Instructions for the task
For this listing, reproduce the line with "VISIONSer una Facultad", the line with "- 2 ESTABILIZADORES", and the lines between, exactly as they stand. Leave out pictures and all other lines.

Records
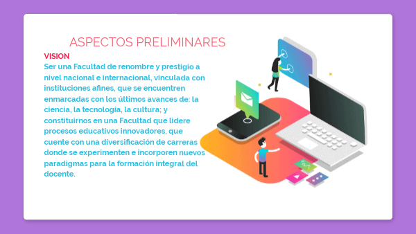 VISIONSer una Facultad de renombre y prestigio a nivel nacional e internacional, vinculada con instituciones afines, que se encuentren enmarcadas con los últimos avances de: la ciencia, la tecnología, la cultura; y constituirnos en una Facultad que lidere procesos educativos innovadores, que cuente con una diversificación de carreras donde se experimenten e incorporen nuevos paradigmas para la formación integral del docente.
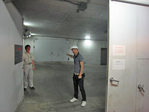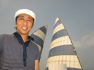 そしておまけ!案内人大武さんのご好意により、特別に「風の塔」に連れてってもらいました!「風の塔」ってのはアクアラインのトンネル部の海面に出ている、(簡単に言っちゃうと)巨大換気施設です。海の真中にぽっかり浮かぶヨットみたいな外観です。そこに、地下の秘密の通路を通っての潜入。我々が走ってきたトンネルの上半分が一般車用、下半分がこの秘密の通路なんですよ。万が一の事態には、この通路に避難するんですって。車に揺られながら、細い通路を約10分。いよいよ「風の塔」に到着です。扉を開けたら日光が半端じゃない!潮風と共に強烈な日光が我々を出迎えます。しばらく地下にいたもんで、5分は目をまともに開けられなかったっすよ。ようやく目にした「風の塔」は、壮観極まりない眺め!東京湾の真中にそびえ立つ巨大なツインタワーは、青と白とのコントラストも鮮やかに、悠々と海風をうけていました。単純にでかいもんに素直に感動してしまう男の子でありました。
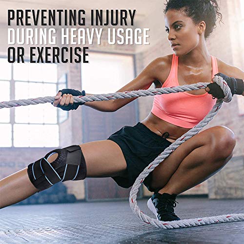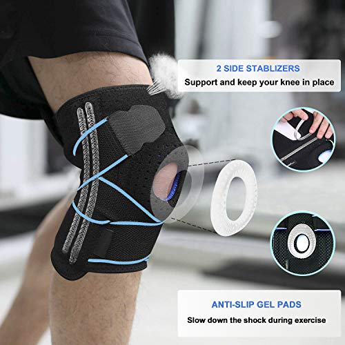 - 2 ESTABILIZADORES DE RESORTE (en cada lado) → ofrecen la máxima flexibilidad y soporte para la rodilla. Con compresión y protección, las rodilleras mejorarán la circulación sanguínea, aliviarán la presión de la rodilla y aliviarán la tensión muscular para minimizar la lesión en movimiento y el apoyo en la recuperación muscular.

...

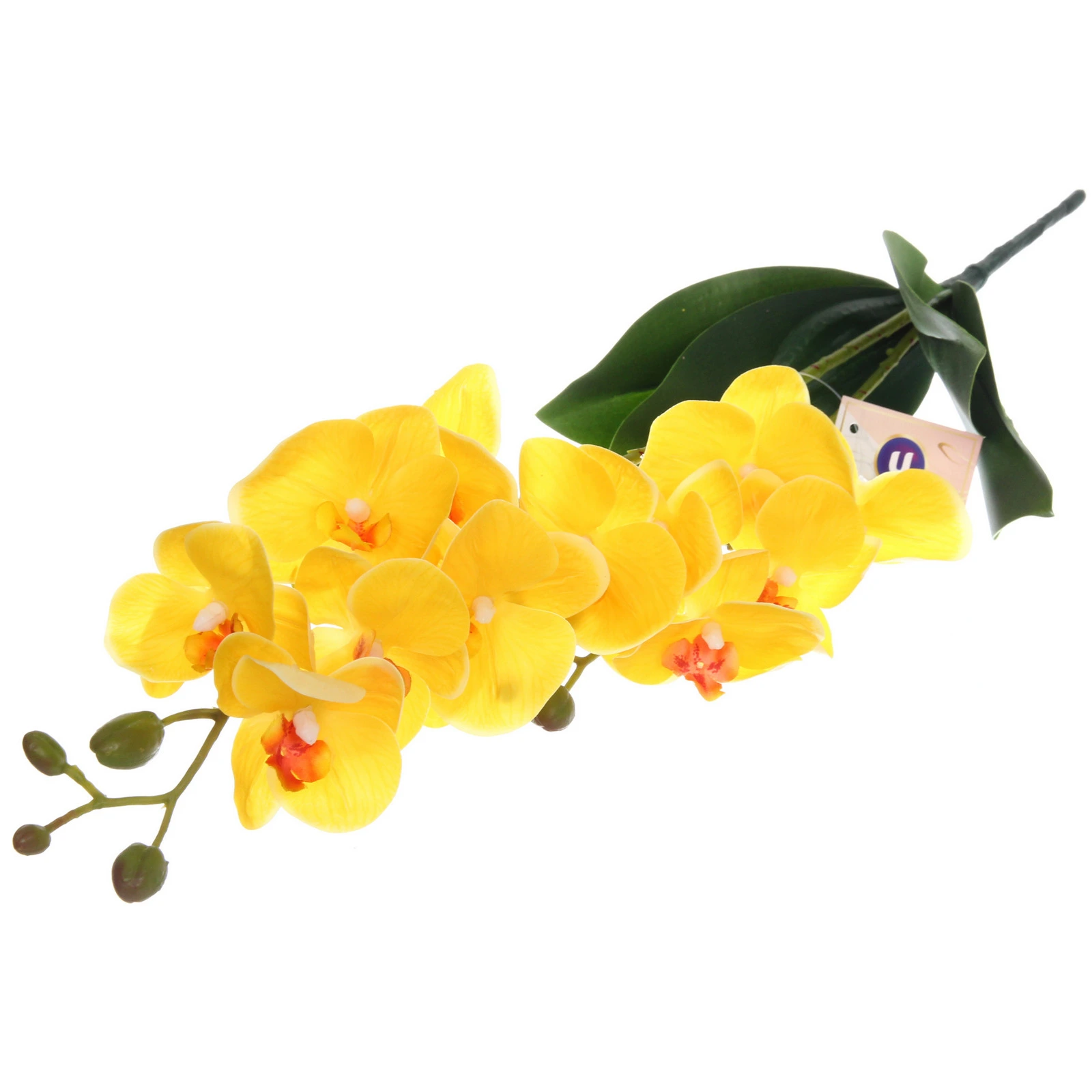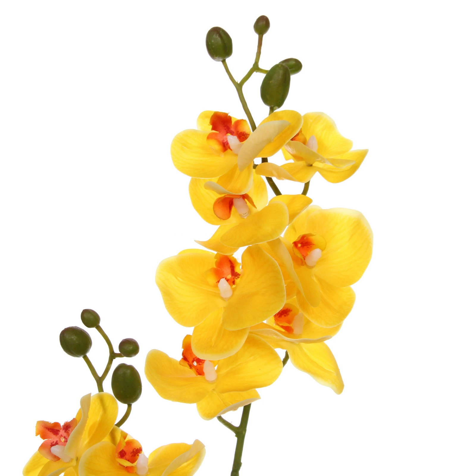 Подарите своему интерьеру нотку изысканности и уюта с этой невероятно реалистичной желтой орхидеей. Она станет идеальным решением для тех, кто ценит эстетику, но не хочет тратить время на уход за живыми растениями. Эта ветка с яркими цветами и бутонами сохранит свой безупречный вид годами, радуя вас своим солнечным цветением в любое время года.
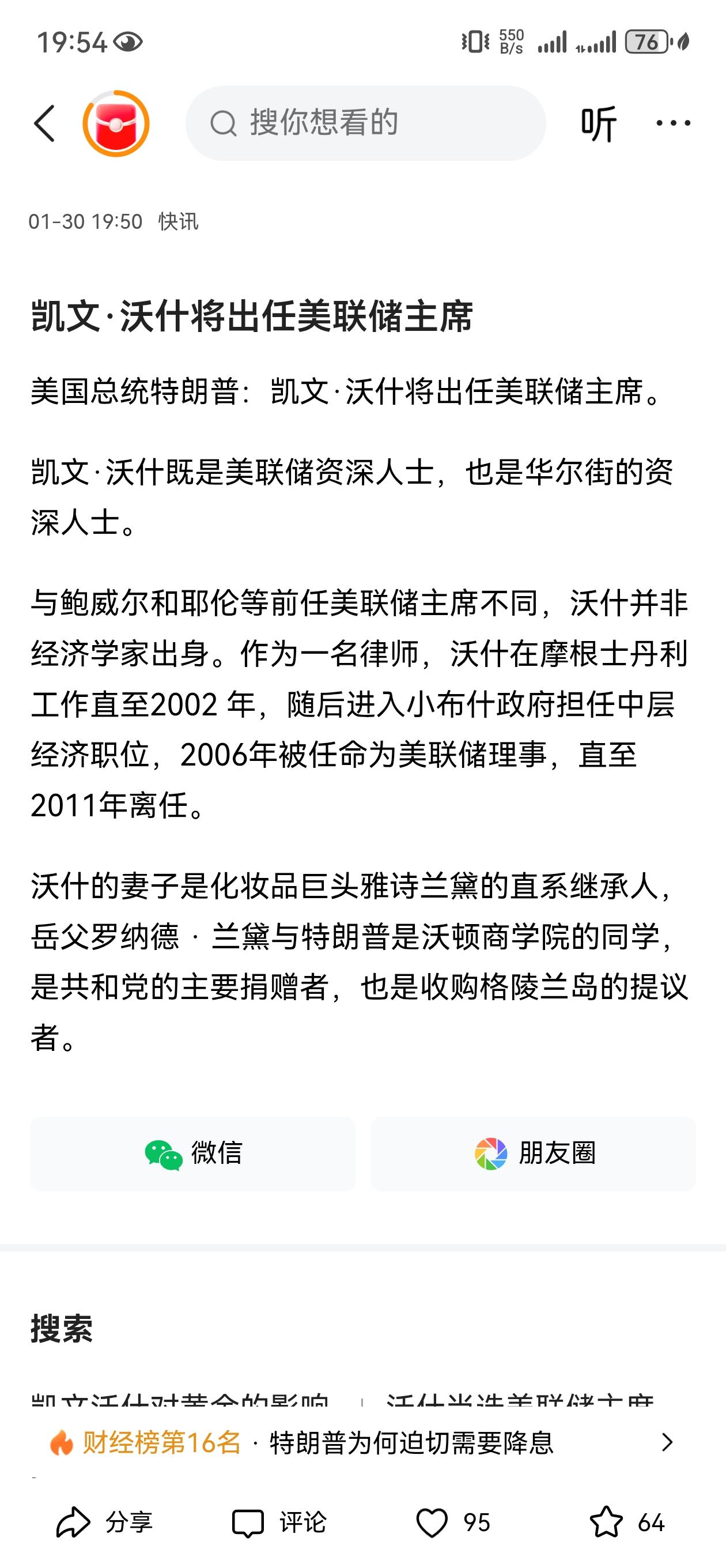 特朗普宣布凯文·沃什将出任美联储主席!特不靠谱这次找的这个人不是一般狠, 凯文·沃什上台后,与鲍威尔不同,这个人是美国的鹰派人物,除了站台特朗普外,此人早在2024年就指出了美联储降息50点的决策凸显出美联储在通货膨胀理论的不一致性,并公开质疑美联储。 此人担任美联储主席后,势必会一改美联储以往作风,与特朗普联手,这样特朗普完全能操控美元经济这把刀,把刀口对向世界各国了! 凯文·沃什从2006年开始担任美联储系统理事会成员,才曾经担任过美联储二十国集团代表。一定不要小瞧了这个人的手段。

Reply
 VISIONSer una Facultad de renombre y prestigio a nivel nacional e internacional, vinculada con instituciones afines, que se encuentren enmarcadas con los últimos avances de: la ciencia, la tecnología, la cultura; y constituirnos en una Facultad que lidere procesos educativos innovadores, que cuente con una diversificación de carreras donde se experimenten e incorporen nuevos paradigmas para la formación integral del docente.
 そしておまけ!案内人大武さんのご好意により、特別に「風の塔」に連れてってもらいました!「風の塔」ってのはアクアラインのトンネル部の海面に出ている、(簡単に言っちゃうと)巨大換気施設です。海の真中にぽっかり浮かぶヨットみたいな外観です。そこに、地下の秘密の通路を通っての潜入。我々が走ってきたトンネルの上半分が一般車用、下半分がこの秘密の通路なんですよ。万が一の事態には、この通路に避難するんですって。車に揺られながら、細い通路を約10分。いよいよ「風の塔」に到着です。扉を開けたら日光が半端じゃない!潮風と共に強烈な日光が我々を出迎えます。しばらく地下にいたもんで、5分は目をまともに開けられなかったっすよ。ようやく目にした「風の塔」は、壮観極まりない眺め!東京湾の真中にそびえ立つ巨大なツインタワーは、青と白とのコントラストも鮮やかに、悠々と海風をうけていました。単純にでかいもんに素直に感動してしまう男の子でありました。
 - 2 ESTABILIZADORES DE RESORTE (en cada lado) → ofrecen la máxima flexibilidad y soporte para la rodilla. Con compresión y protección, las rodilleras mejorarán la circulación sanguínea, aliviarán la presión de la rodilla y aliviarán la tensión muscular para minimizar la lesión en movimiento y el apoyo en la recuperación muscular.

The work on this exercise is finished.